We don’t mean you suddenly start making decisions to please people (you know our golden rule – big day, your way). Rather, you start to realise and reflect on how important they are: they’re the people you lean on in tough times, who you celebrate life’s little and big wins with, who you call on for advice and for a yarn.
BUT (and it’s a big but) they’re also the people who can be a bit of a ball-ache in the lead up to the big day. You know, the people who have strong opinions about everything and don’t know when to bite their tongue. They mean well but their unsolicited advice can also be very taxing and often, very unhelpful.
So, it’s helpful to know how to plan a wedding without killing anyone. That is, how to manage family while wedding planning.
The good news: it is possible! Hallelujah. Try and remember that most of the time, any nit-picking, nay-saying, raised eyebrows and flat-out “well, IIIII think you should do it this way” comes from a place of love. Most people want you to have the best day, but they might think they know better than you when it comes to wedding planning.
That said, you want practical tips to stop poison *accidentally* landing in their drink right? OK, here are some tactics we stand behind.
Involve them in stuff they can genuinely help with
Give any pestering family members something to do and you’ll find that they’ll be more positively invested in your wedding and will feel like a valued part of it. The trick here is allocate tasks where you can genuinely use whatever research or help the person provides – not stuff that’s highly reliant on personal taste, like finding your wedding shoes (otherwise, if you don’t take on their feedback they’ll feed offended and like their time was wasted). Or, get their opinion on a shortlist of options so that you’re setting them up for success as you’ll be happy with whatever option they choose.
Change the subject to focus on them
Go into conversations ready with a slew of topics to talk about that are focused on them to detract from your wedding. First rule of people: people love talking about themselves and it has the added bonus of helping this person connect with you and feel like you’re on their side = less negative or provoking energy towards you regarding your wedding.
Keep your energy nonchalant and open-minded
Nod, appear interested and respond with a sweeping statement like “that’s interesting, we’ll keep that in mind, thanks for your thoughts”. Then either bank the idea if it actually was decent or turf it into the mental junkyard of never-to-be-thought-of-again. Keeping level energy is key, because some people are like a moth to a flame at the first sign of aggravation.
Ever-so-gently shut them down
It helps we’re mums of small children because a lot of the techniques for dealing with the shiz that a three year old throws at you is uncannily applicable for a wedding scenario.

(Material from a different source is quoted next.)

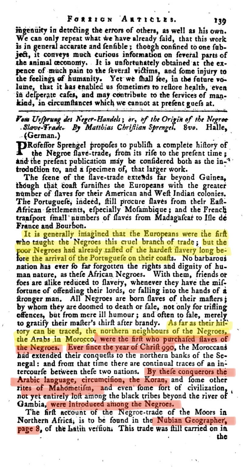 By These CONQUERORS the ARABIC LANGUAGE, circumcision, THE QURAN and other rites of ISLAM, and even some sort of civilization-not yet entirely lost among black tribes beyond the river of Gambia, were INTRODUCED among the negroes”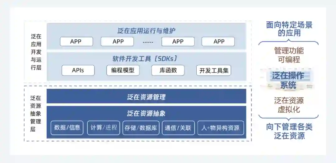 泛在操作系统是传统操作系统概念的进一步扩展与泛化,不再把操作系统的概念局限于像 Linux 和 Windows 这样的单机操作系统。因此,泛在操作系统的形式更加灵活、多样,更多的强调操作系统的“操作”和管理的功能本质,支持灵活多样的资源虚拟化机制与异构资源管理功能,侧重于新型应用模式下的应用开发与管理支撑。

You don’t want to say a flat “No. Nope. Never. No happening. That’s a dumb idea”. Instead, frame things like you’re really hearing them. “Hmm, that’s interesting and I can see how [their suggestion] would suit many couple’s wedding. For us, we’re thinking that for [X reasons], we’re going to do [alternative thing] instead because of [X reason]. But we’re loving hearing all the ways weddings play out – isn’t it an amazing time to get married!? There’s so much diversity in weddings now!” *Quickly excuse yourself for the bathroom, take a deep breath and pat yourself on the back. You did good back there*.